Gas was used for many years to illuminate the interior of railway carriages. The New South Wales Government Railways manufactured its own oil-gas for this purpose, together with reticulated coal-gas to railway stations and associated infrastructure. Such works were established at the Macdonaldtown Carriage Sheds, Newcastle, Bathurst, Junee and Werris Creek. These plants followed on from the works of a private supplier which the railway took over in 1884.

Gas was also transported in special travelling gas reservoir wagons from the gasworks to stationary reservoirs located at a number of country stations where carriage reservoirs were replenished.

With the spreading conversion to electric power for lighting buildings and carriages during the 1920s and 1930s, the railway gasworks were progressively decommissioned.

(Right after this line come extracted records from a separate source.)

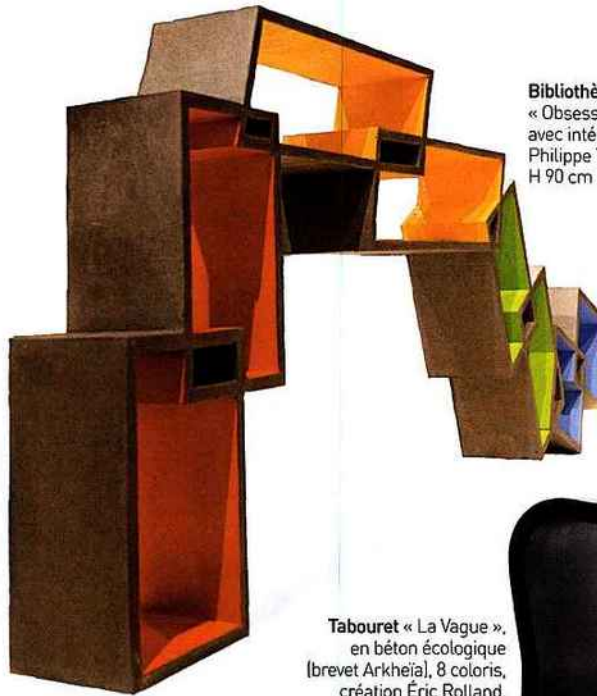
Bibliothèque déstructurée « Obsessions », en Ductal avec intérieur laqué, création Philippe Tissot, L 220 x P 25 x H 90 cm (8000 €, Taporo).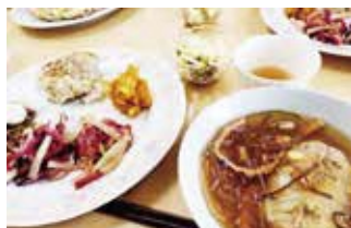
④おいしい料理に変身!

地域の集まりやイベントで、また、学校や飲食店、料理教室などで、いろいろなサルベージ・パーティが開催されています。あなたも開催してみませんか?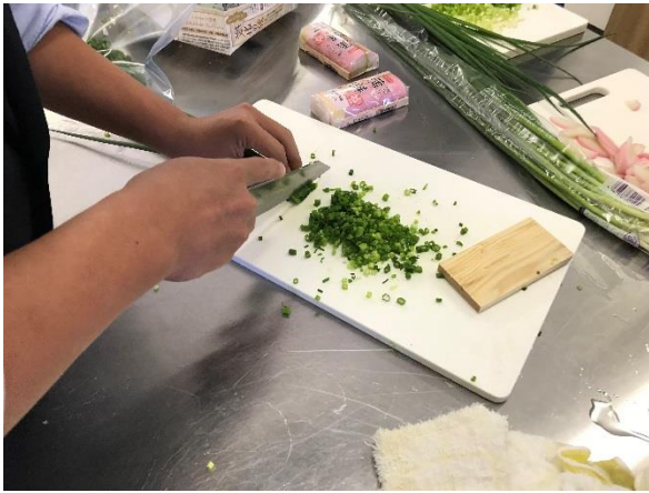
ねぎ等の準備も始まりました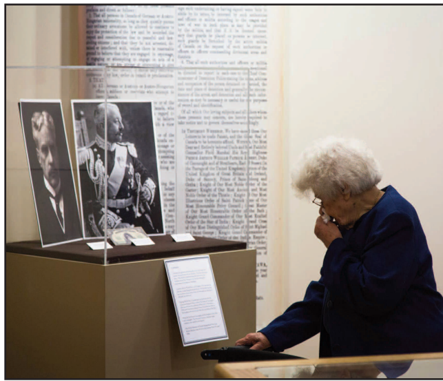
Са изложбе у Виндзору: Појресно сведочанство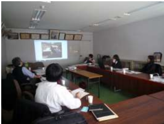
会議風景（三郷市役所）

第4回会議では、各委員が専門研発足時から会議やワークショップ、そして現地調査などの様々な場面で撮影を行ってきた写真を一通り確認し、報告書の内容に合わせて掲載する写真を選択した。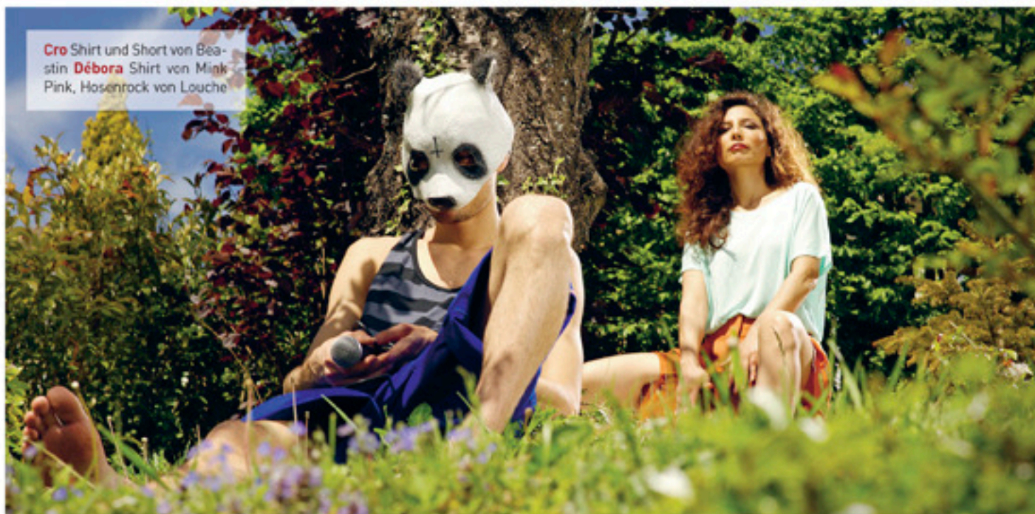
Cro Shirt und Short von Beas- stin Débora Shirt von Mink Pink, Hosentrock von Louche

==Gasworks being operated as industrial museums==

===Gasworks Brisbane, Australia===
The Gasworks Newstead site in Brisbane Australia has been a stalwart of the river's edge since its development in 1863. By 1890, the works were supplying gas to Brisbane streets from Toowong to Hamilton and over the next 100 years, it would grow to supply Brisbane city with the latest in gas technology until it was decommissioned in 1996.

In March 1866, the Queensland Defence Force placed an official request for town gas connection, evidence of the vital role the gasworks played in the economic development of colonial Brisbane. In fact, the gasworks were considered to be of such importance, that during World War II, genuine fears of attack from Japanese air raids motivated the installation of anti aircraft guns which vigilantly watched over the plant and its employees throughout the war.

The site itself has been synonymous with economic growth and benefit to Brisbane and Queensland with the success of the gasworks facilitating further development of the Newstead/Teneriffe area to include the James Hardie fibro-cement manufacturing plant, Shell Oil plant, Brisbane Water and Sewerage Depot and even the “Brisbane Gas Company Cookery School” which operated in the 1940s. In 1954, a carbonizing plant was built, giving Brisbane the "most modern gas producing plant in Australia", consuming 100 tonnes of coal every eight hours.

During its golden years in the late 19th and early 20th centuries, the site also played a role in providing employment to aboriginal Australians and many migrant workers arriving there from Europe after the second World War.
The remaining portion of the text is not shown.